The resonance-enhanced PTIR measurement is conducted by using the contact mode of Vista-IR microscope, which tunes a repetition rate of Laser Tune QCL to a cantilever’s contact resonance as f_m = f_c (15, 27). PPP-FMAu from Nanosensors, a soft gold-coated Si cantilever, whose fundamental resonance is 69.8 kHz and stiffness is 3 N/m, is used for the measurements. The contact mode Vista-IR microscope demodulates the resonance-enhanced PTIR signal at the contact resonance of f_c = 369 kHz.
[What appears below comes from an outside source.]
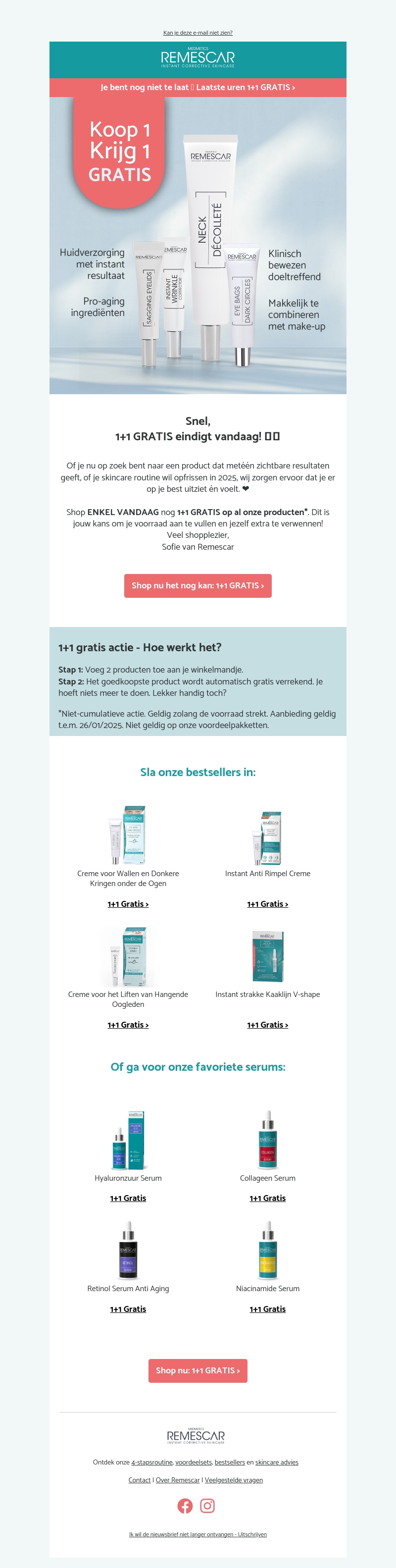 Profiteer van de laatste uren van de 1+1 gratis actie op geselecteerde Remescar producten. Deze aanbieding is ideaal om je huidverzorgingsroutine te vernieuwen met pro-aging formules en instant resultaten. Actie geldig tot 26/01/2025 of zolang de voorraad strekt. Voeg twee producten toe aan je winkelmandje en ontvang de voordeligste gratis. Mis deze unieke kans niet!

Sensitivity of a Cantilever in PiFM.

The cantilever’s force sensitivity at ith eigenmode derives from the thermal noise of it, given as $N_i=\sqrt{4K_{\mathrm{B}}TB{Q}_i/{\omega }_i{k}_i}$, where ω_i, Q_i, and k_i are the resonance frequency, quality factor, and stiffness of the ith eigenmode of the cantilever, B is the system bandwidth, K_B is Boltzmann constant, and T is the absolute temperature. For the typical PPP-NCHAu (Nanosensors) parameters given as ω₁ = 2 π × 300 kHz, ω₂ = 2 π × 18,800 kHz, Q₁ = 543, Q₂ = 697, k₁ = 37 N/m, and k₂ = 1,454 N/m, the thermal noises for the fundamental and the second eigenmodes are found as $N_1\approx$ 1.13 pm and $N_2\approx$ 0.08 pm, where B = 10 Hz and T = 300 K, respectively. The minimum detectable forces, which correspond to the PiFM force sensitivity, given as $F_{{\text{min}}_i}=k_i{N}_i$, are 0.08 and 0.17 pN for the fundamental and the second eigenmodes, respectively. For the typical PPP-FMAu (Nanosensors) parameters given as ω₁ = 2 π × 69.8 kHz, ω₂ = 2 π × 437.6 kHz, Q₁ = 180, Q₂ = 300, k₁ = 3 N/m, and k₂ = 1,454 N/m, the minimum detectable forces are 0.08 and 0.15 pN for the fundamental and the second eigenmodes, respectively.

Associated Content.

The modeling of the induced dipoles and the force between tip and sample in the layered system is described in SI Appendix, section 1. The calculation details of the tip-enhanced thermal expansion force for 60-nm PS film on Si substrate is found in SI Appendix, section 2. The theory of PiFM heterodyne and PiFM homodyne for the thermal expansion at the tip–sample junction can be found in SI Appendix, section 3. The noncontact nature of the tip-enhanced thermal expansion in the PiFM heterodyne is discussed in SI Appendix, section 4. The PiFM and the PTIR spectrum on a clean empty ZnSe substrate with the same tip in the range between 900 and 1,350 cm⁻¹ are described in SI Appendix, section 5. The PDMS-enhanced effective force response in PiFM is rigorously discussed with respect to the PDMS-functionalized/PDMS-cleaned tip in SI Appendix, section 6.

Data Availability.

All data are included in the manuscript and SI Appendix.